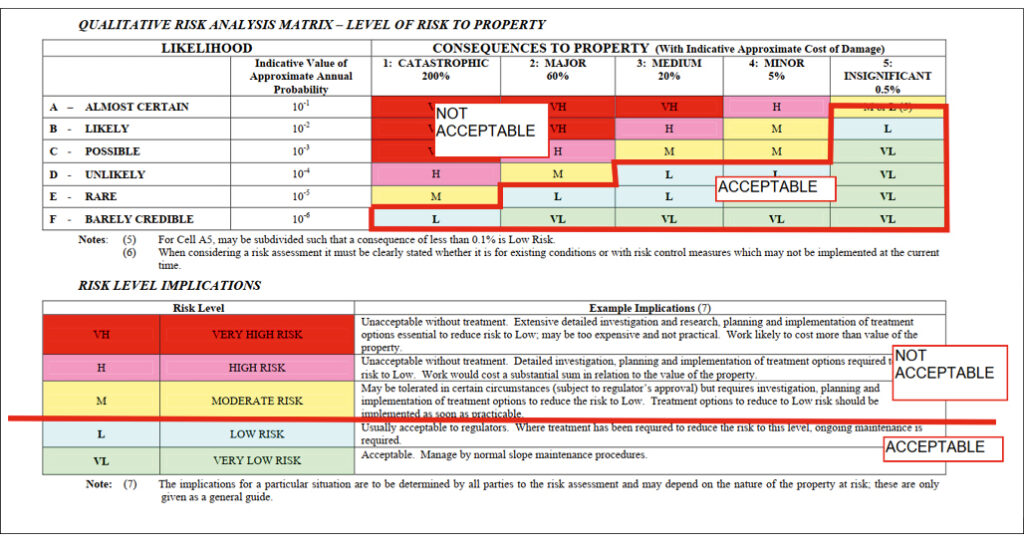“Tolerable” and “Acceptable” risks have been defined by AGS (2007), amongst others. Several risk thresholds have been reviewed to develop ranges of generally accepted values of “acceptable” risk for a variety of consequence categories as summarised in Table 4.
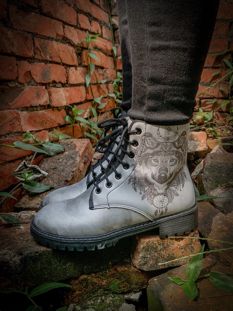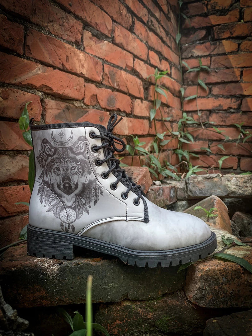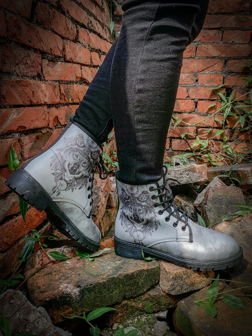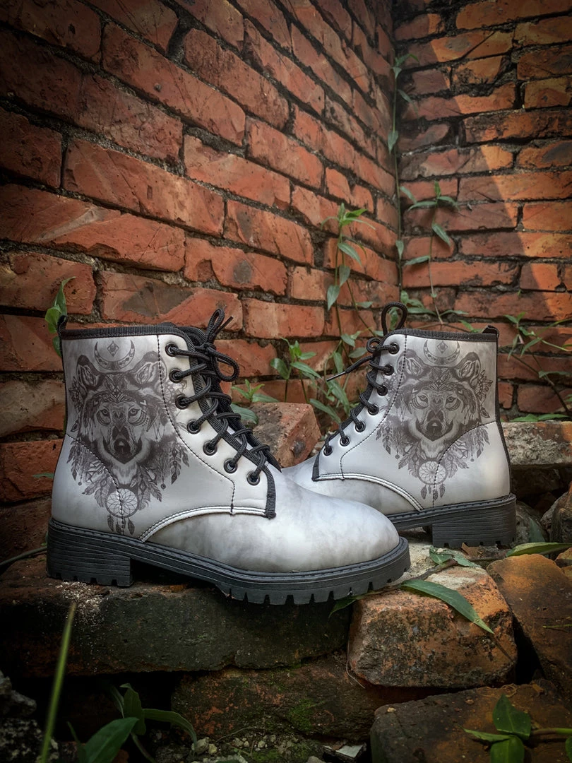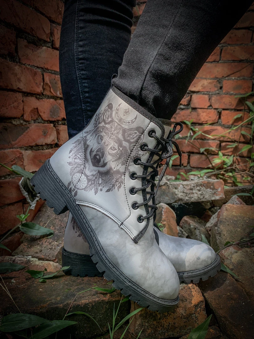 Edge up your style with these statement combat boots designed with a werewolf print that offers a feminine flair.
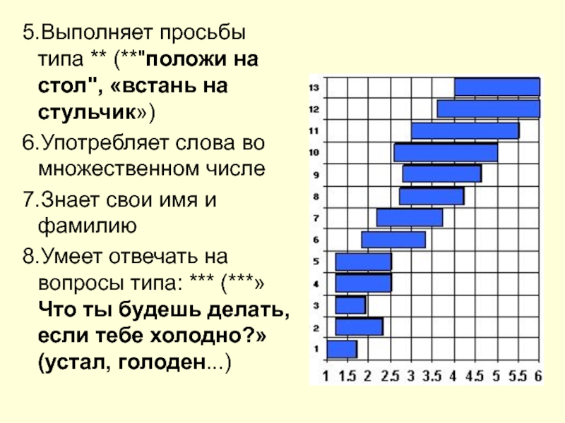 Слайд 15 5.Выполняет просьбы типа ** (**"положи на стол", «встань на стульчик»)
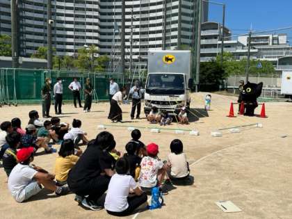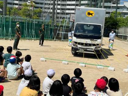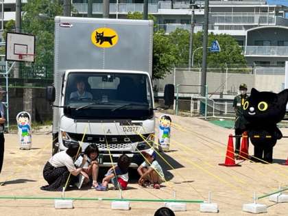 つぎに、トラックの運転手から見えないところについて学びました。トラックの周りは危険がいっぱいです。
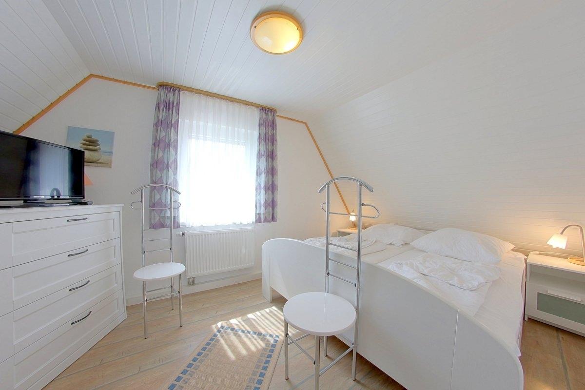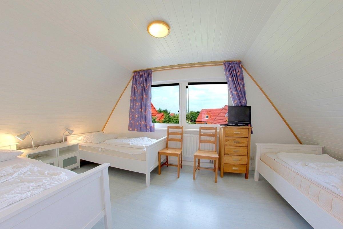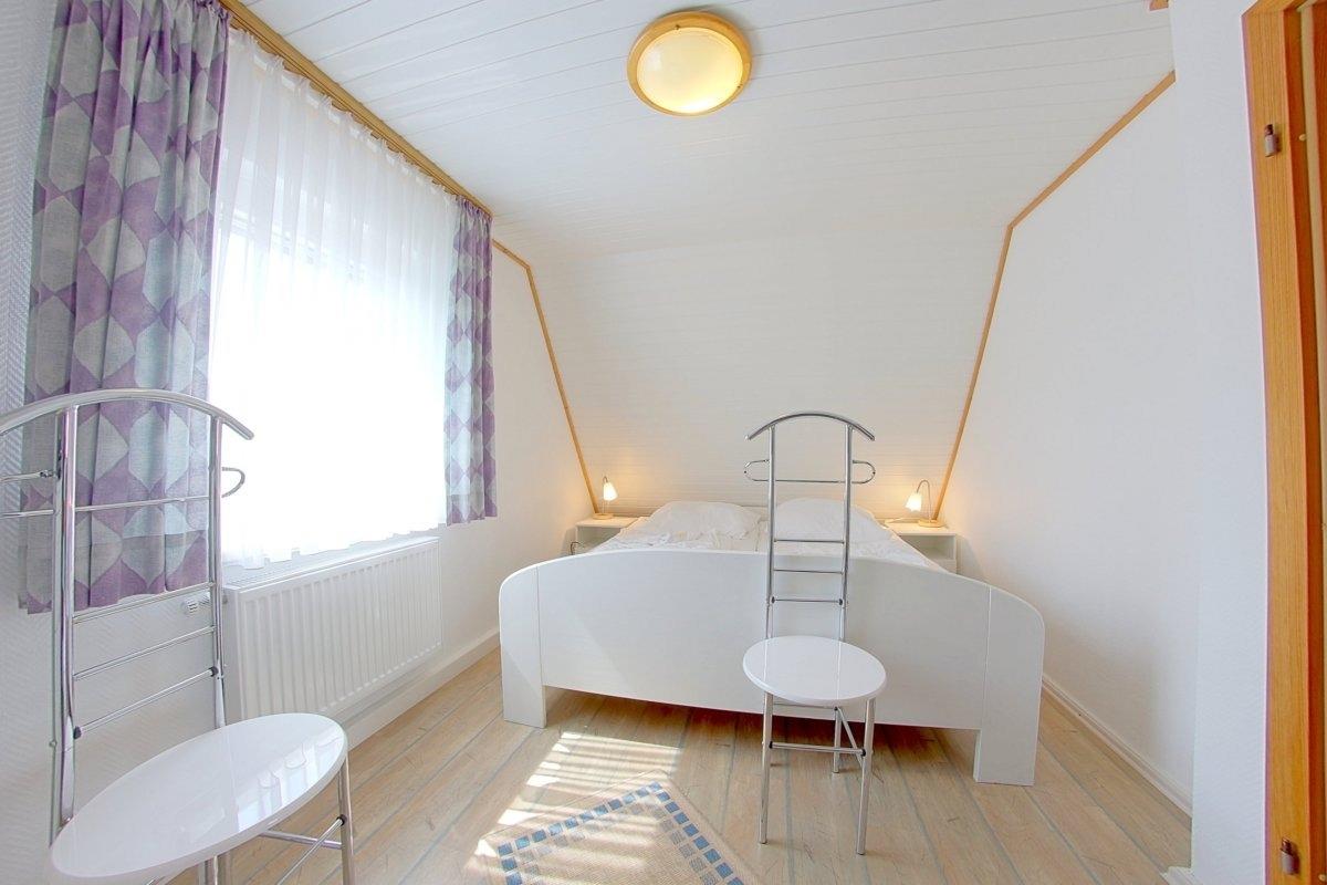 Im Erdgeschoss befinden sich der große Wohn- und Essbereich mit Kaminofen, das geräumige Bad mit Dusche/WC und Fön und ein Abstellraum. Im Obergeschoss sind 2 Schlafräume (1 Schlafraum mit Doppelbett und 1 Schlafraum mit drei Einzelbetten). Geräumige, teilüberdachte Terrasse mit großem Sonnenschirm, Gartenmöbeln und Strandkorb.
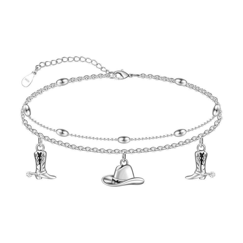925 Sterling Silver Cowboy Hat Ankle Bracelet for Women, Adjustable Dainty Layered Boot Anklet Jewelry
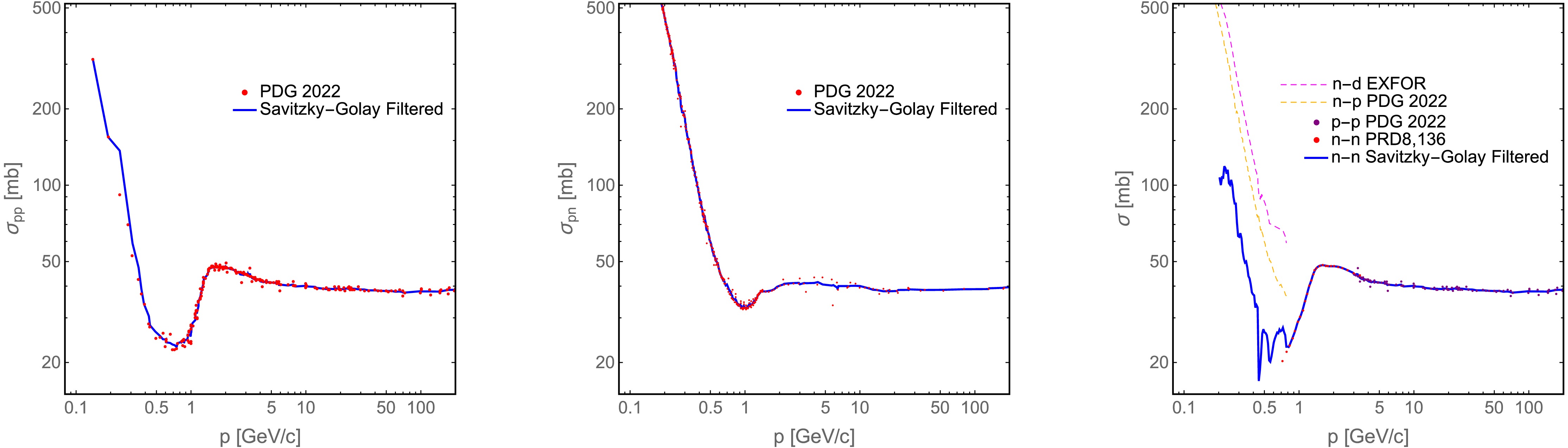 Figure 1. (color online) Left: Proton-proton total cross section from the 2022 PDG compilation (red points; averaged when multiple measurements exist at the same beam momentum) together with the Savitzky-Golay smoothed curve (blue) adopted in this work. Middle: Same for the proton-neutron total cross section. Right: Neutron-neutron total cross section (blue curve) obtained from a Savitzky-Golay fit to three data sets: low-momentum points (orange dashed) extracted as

==*==

**Exercise instructions**
Begin with the first line of the entries above and write out each line exactly, ending with the line containing "Слайд 15 5.Выполняет". Leave out pictures.

**Answer space**
“Tolerable” and “Acceptable” risks have been defined by AGS (2007), amongst others. Several risk thresholds have been reviewed to develop ranges of generally accepted values of “acceptable” risk for a variety of consequence categories as summarised in Table 4.
 Edge up your style with these statement combat boots designed with a werewolf print that offers a feminine flair.
 Слайд 15 5.Выполняет просьбы типа ** (**"положи на стол", «встань на стульчик»)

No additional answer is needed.